An exact transcription of all the records, free of pictures, is the expected answer.

Stored items:
┌──
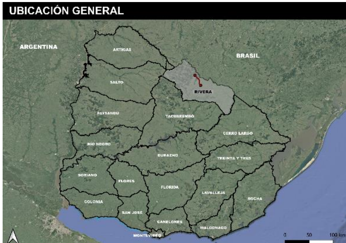
Figura 4-1 Ubicación general de la obra.
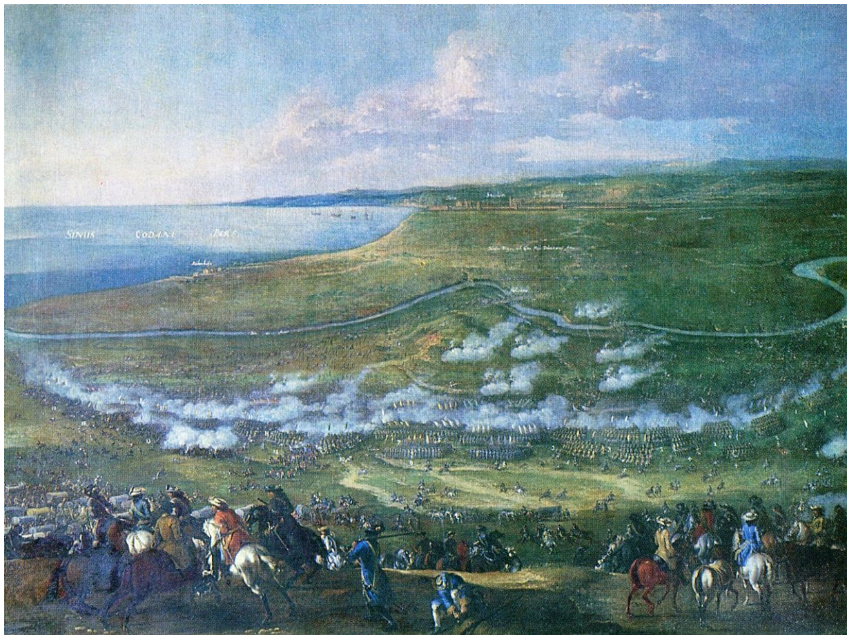
Slaget vid Fylllebro 1676. Målning av Johann Philip Lemke. I bakgrunden syns Halmstad med Galgerbetet, till höger byn Snöstorps
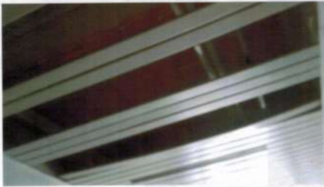
riparazione del controsoffitto e sostituzione di apparecchi illuminanti lungo alcune vie di esodo
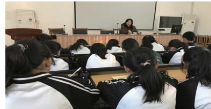
写作指导 为了促进学生爱读书、会写作的良好习惯。威海九中青禾文学社开展“写作指导”活动。(李敏)
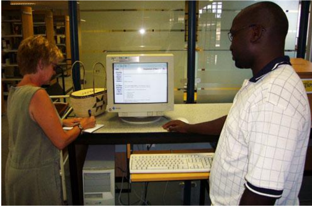
Polytechnicin kirjasto vaikutti lähes kadehdittavalta. Yllä kuvassa myös kirjaston kirjastoavustaja.
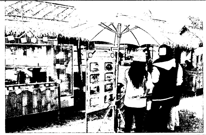
ชุมชนพืชศาสตร์
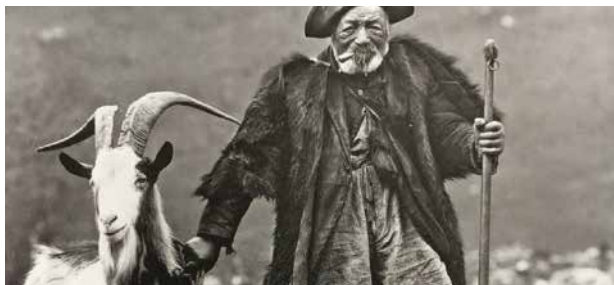
COMMENT JE NE SUIS PAS DEVENU CHANTEUR YAN CAILLASSE Spectacle musical
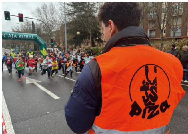
Salamanca: El Centro Juvenil Salesianos Pizarrales y el Colegio Salesiano 'San José' de Salamanca organizaron su tradicional carrera.
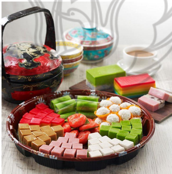
Gambar 1.2 Foto Produk Jajanan Pasar

Sebuah foto iklan harus mampu memberikan kesan kejutan dan keinginan untuk bereksperimen di setiap konsep visual yang akan dibuat. Iklan yang ditampilkan harus terlihat mencolok, menawan, dan artistik yang begitu memuaskan untuk melengkapi nilai-nilai seni. Fotografer harus memiliki banyak ide kreatif dan mempunyai keahlian dalam menciptakan visual supaya hasilnya lebih menarik perhatian masyarakat. Tidak sekedar untuk menarik perhatian saja, tetapi bagaimana caranya iklan tersebut menimbulkan rasa keinginan untuk membeli produk yang dipromosikan. Dengan adanya sebuah promosi dalam bentuk foto juga membuat konsumen mudah memilih produk dan menjadi lebih percaya diri untuk membelinya.
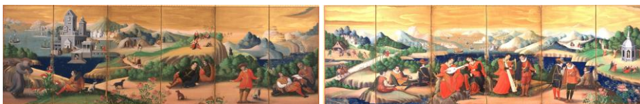
6 重要文化財「洋人奏楽図屏風」 桃山～江戸時代(17世紀) 永青文庫蔵(熊本県立美術館寄託) [展示期間] 右隻: 11月21日～12月27日、左隻: 1月9日～1月31日
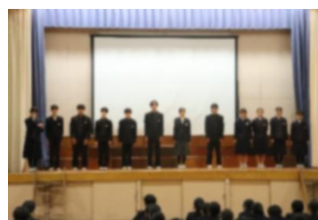
新生徒会役員あいさつ
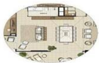
OPÇÃO 1 - SALA AMPLADA
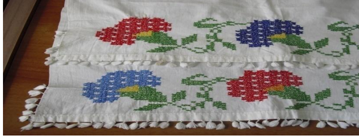
Şekil 18. Peşkir

Yörede gelinlerin kuşağının ön kısmına, kuşak üzerinden peşkir takılır. Peşkir, 90x47 cm. ebadında olup pamuklu beyaz kumaştan hazırlanır ve iki ucuna kanaviçe işlenir. Peşkirin kenarlarına iplerden hazırlanmış küçük püsküller dikilerek süslenir.
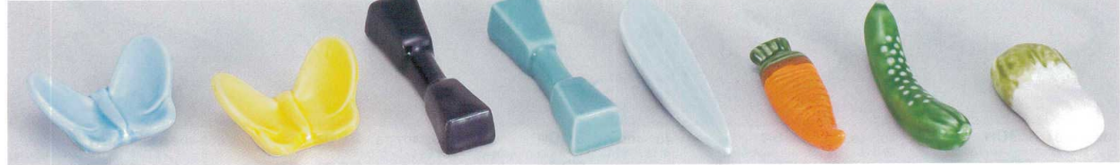
401-501-15 150円 蝶(青) 箸置 (5×4×2) 539950515 401-502-15 150円 蝶(黄) 箸置 (5×4×2) 539950615 401-503-10 180円 天目鼓 箸置 (6.7×1.6) 539950910 401-504-10 180円 トルコ鼓 箸置 (6.7×1.6) 539951010 401-505-5 135円 青磁笹 箸置 (8.5×2) 539961005 401-506-15 150円 人参 箸置 (1×6) 539970515 401-507-10 190円 きゅうり 箸置 (7×1.5) 539970210 401-508-15 150円 白菜 箸置 (1.5×5) 539970315
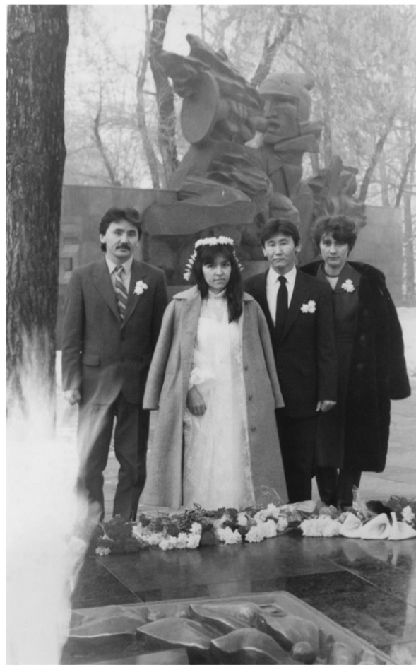
1986 жыл, 20 желтоқсан. Той күні
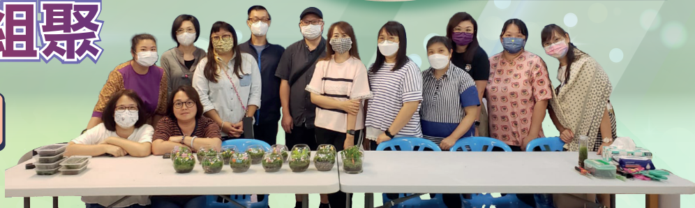
終於製成漂亮別緻的苔蘚瓶，大家一同合照留念

5月11日迎來了本年度第三次家長組聚，舉辦了「苔蘚瓶製作工作坊」。當天家長們運用苔蘚、厥類植物和小飾物親手配搭和製作一個苔蘚瓶。過程中，大家都專注聆聽導師的講解，也很用心地把材料錯落有致地安放在瓶中。最後，大家都很有滿意自己的製成品——漂亮別緻的苔蘚瓶。
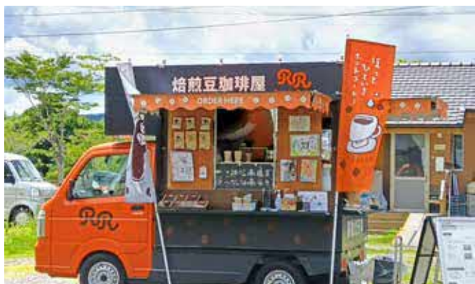
美味しいコーヒーをありがとうございます

7月7日、サントリーホールディングス株式会社の移動焙煎車が別府峯住宅（旧芝生広場）にやってきました。
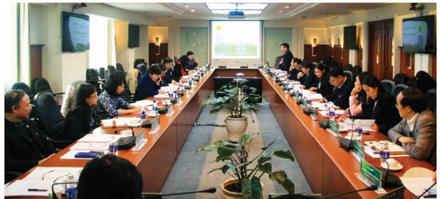
Toàn cảnh Hội nghị BCH Công đoàn Vietcombank lần thứ 8 – nhiệm kỳ IV
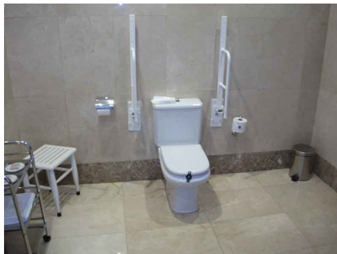
Cuarto de baño de la habitación adaptada
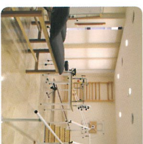
SALA DE REHABILITACIÓN
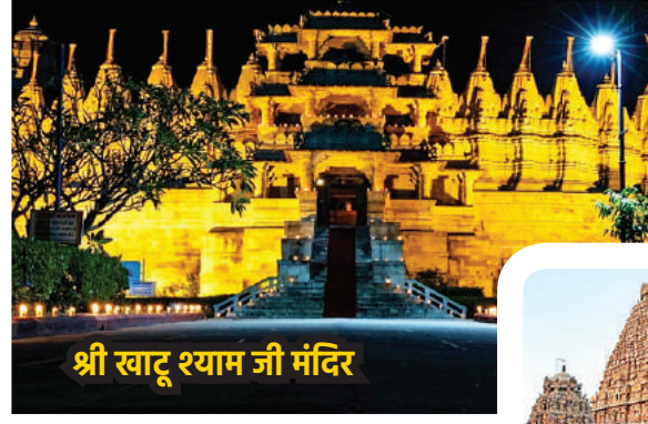
श्री खाटू श्याम जी मंदिर

बल्केश्वर महादेव मंदिर महादेव शिव को समर्पित है, और ये 700 साल से ज्यादा पुराना है। कहा जाता है कि एक गाय इस क्षेत्र में नदी के पास घूम रही थी और एक स्थान पर वह जोर-जोर से रंभाने लगी, जिसने आसपास के सभी ग्रामीणों का ध्यान आकर्षित किया। उसी जगह पर एक शिव लिंग पाया गया और लोगों द्वारा यहां एक शिव मंदिर का निर्माण किया गया।
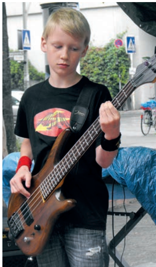
Im Takt. Kinder lernen Musik in Workshops, viele gründen eigene Gruppen. Rechts der Bassist von „Kurzschluss“
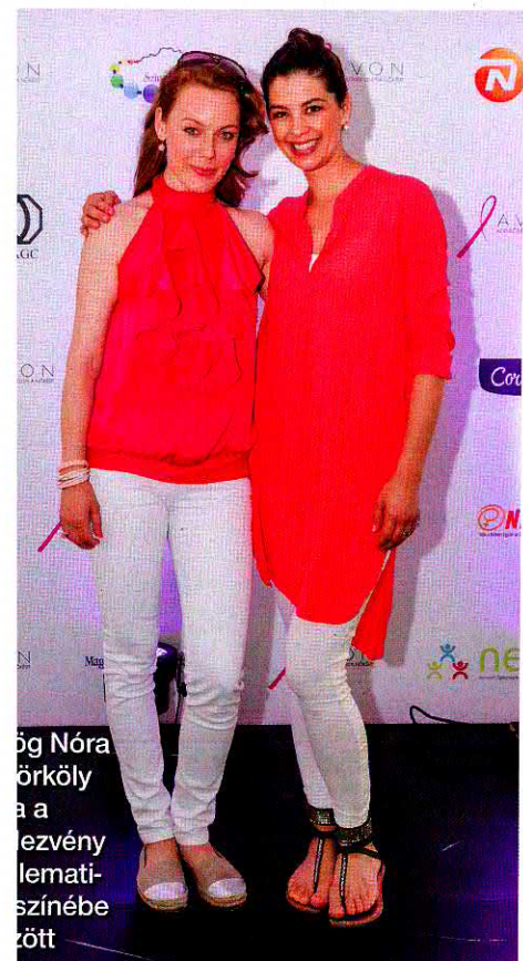
...g Nóra ...örköly ...a ...ezvény ...lemati- ...színebe ...zött
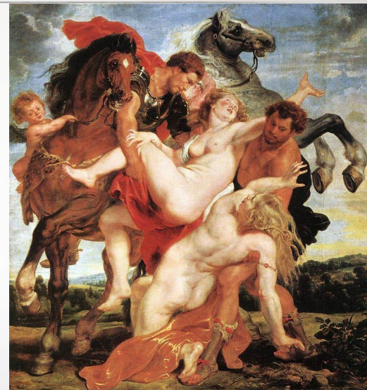
«Похищение Дочерей Левкиппа», 1618

В октябре 1609 года Рубенс сочетался браком с Изабеллой Брант, дочерью известного гуманиста Яна Бранта. В последующее десятилетие Рубенс достиг в Европе славы, с которой из художников предыдущих эпох мог сравниться только Тициан.
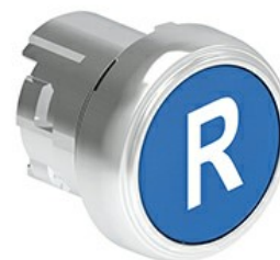
Butoane de impuls cu simboluri LPSB11
└──
**ANSWER FOR THE TASK:**
Figura 4-1 Ubicación general de la obra.
Slaget vid Fylllebro 1676. Målning av Johann Philip Lemke. I bakgrunden syns Halmstad med Galgerbetet, till höger byn Snöstorps
riparazione del controsoffitto e sostituzione di apparecchi illuminanti lungo alcune vie di esodo
写作指导 为了促进学生爱读书、会写作的良好习惯。威海九中青禾文学社开展“写作指导”活动。(李敏)
Polytechnicin kirjasto vaikutti lähes kadehdittavalta. Yllä kuvassa myös kirjaston kirjastoavustaja.
ชุมชนพืชศาสตร์
COMMENT JE NE SUIS PAS DEVENU CHANTEUR YAN CAILLASSE Spectacle musical
Salamanca: El Centro Juvenil Salesianos Pizarrales y el Colegio Salesiano 'San José' de Salamanca organizaron su tradicional carrera.
Gambar 1.2 Foto Produk Jajanan Pasar

Sebuah foto iklan harus mampu memberikan kesan kejutan dan keinginan untuk bereksperimen di setiap konsep visual yang akan dibuat. Iklan yang ditampilkan harus terlihat mencolok, menawan, dan artistik yang begitu memuaskan untuk melengkapi nilai-nilai seni. Fotografer harus memiliki banyak ide kreatif dan mempunyai keahlian dalam menciptakan visual supaya hasilnya lebih menarik perhatian masyarakat. Tidak sekedar untuk menarik perhatian saja, tetapi bagaimana caranya iklan tersebut menimbulkan rasa keinginan untuk membeli produk yang dipromosikan. Dengan adanya sebuah promosi dalam bentuk foto juga membuat konsumen mudah memilih produk dan menjadi lebih percaya diri untuk membelinya.
6 重要文化財「洋人奏楽図屏風」 桃山～江戸時代(17世紀) 永青文庫蔵(熊本県立美術館寄託) [展示期間] 右隻: 11月21日～12月27日、左隻: 1月9日～1月31日
新生徒会役員あいさつ
OPÇÃO 1 - SALA AMPLADA
Şekil 18. Peşkir

Yörede gelinlerin kuşağının ön kısmına, kuşak üzerinden peşkir takılır. Peşkir, 90x47 cm. ebadında olup pamuklu beyaz kumaştan hazırlanır ve iki ucuna kanaviçe işlenir. Peşkirin kenarlarına iplerden hazırlanmış küçük püsküller dikilerek süslenir.
401-501-15 150円 蝶(青) 箸置 (5×4×2) 539950515 401-502-15 150円 蝶(黄) 箸置 (5×4×2) 539950615 401-503-10 180円 天目鼓 箸置 (6.7×1.6) 539950910 401-504-10 180円 トルコ鼓 箸置 (6.7×1.6) 539951010 401-505-5 135円 青磁笹 箸置 (8.5×2) 539961005 401-506-15 150円 人参 箸置 (1×6) 539970515 401-507-10 190円 きゅうり 箸置 (7×1.5) 539970210 401-508-15 150円 白菜 箸置 (1.5×5) 539970315
1986 жыл, 20 желтоқсан. Той күні
終於製成漂亮別緻的苔蘚瓶，大家一同合照留念

5月11日迎來了本年度第三次家長組聚，舉辦了「苔蘚瓶製作工作坊」。當天家長們運用苔蘚、厥類植物和小飾物親手配搭和製作一個苔蘚瓶。過程中，大家都專注聆聽導師的講解，也很用心地把材料錯落有致地安放在瓶中。最後，大家都很有滿意自己的製成品——漂亮別緻的苔蘚瓶。
美味しいコーヒーをありがとうございます

7月7日、サントリーホールディングス株式会社の移動焙煎車が別府峯住宅（旧芝生広場）にやってきました。
Toàn cảnh Hội nghị BCH Công đoàn Vietcombank lần thứ 8 – nhiệm kỳ IV
Cuarto de baño de la habitación adaptada
SALA DE REHABILITACIÓN
श्री खाटू श्याम जी मंदिर

बल्केश्वर महादेव मंदिर महादेव शिव को समर्पित है, और ये 700 साल से ज्यादा पुराना है। कहा जाता है कि एक गाय इस क्षेत्र में नदी के पास घूम रही थी और एक स्थान पर वह जोर-जोर से रंभाने लगी, जिसने आसपास के सभी ग्रामीणों का ध्यान आकर्षित किया। उसी जगह पर एक शिव लिंग पाया गया और लोगों द्वारा यहां एक शिव मंदिर का निर्माण किया गया।
Im Takt. Kinder lernen Musik in Workshops, viele gründen eigene Gruppen. Rechts der Bassist von „Kurzschluss“
...g Nóra ...örköly ...a ...ezvény ...lemati- ...színebe ...zött
«Похищение Дочерей Левкиппа», 1618

В октябре 1609 года Рубенс сочетался браком с Изабеллой Брант, дочерью известного гуманиста Яна Бранта. В последующее десятилетие Рубенс достиг в Европе славы, с которой из художников предыдущих эпох мог сравниться только Тициан.
Butoane de impuls cu simboluri LPSB11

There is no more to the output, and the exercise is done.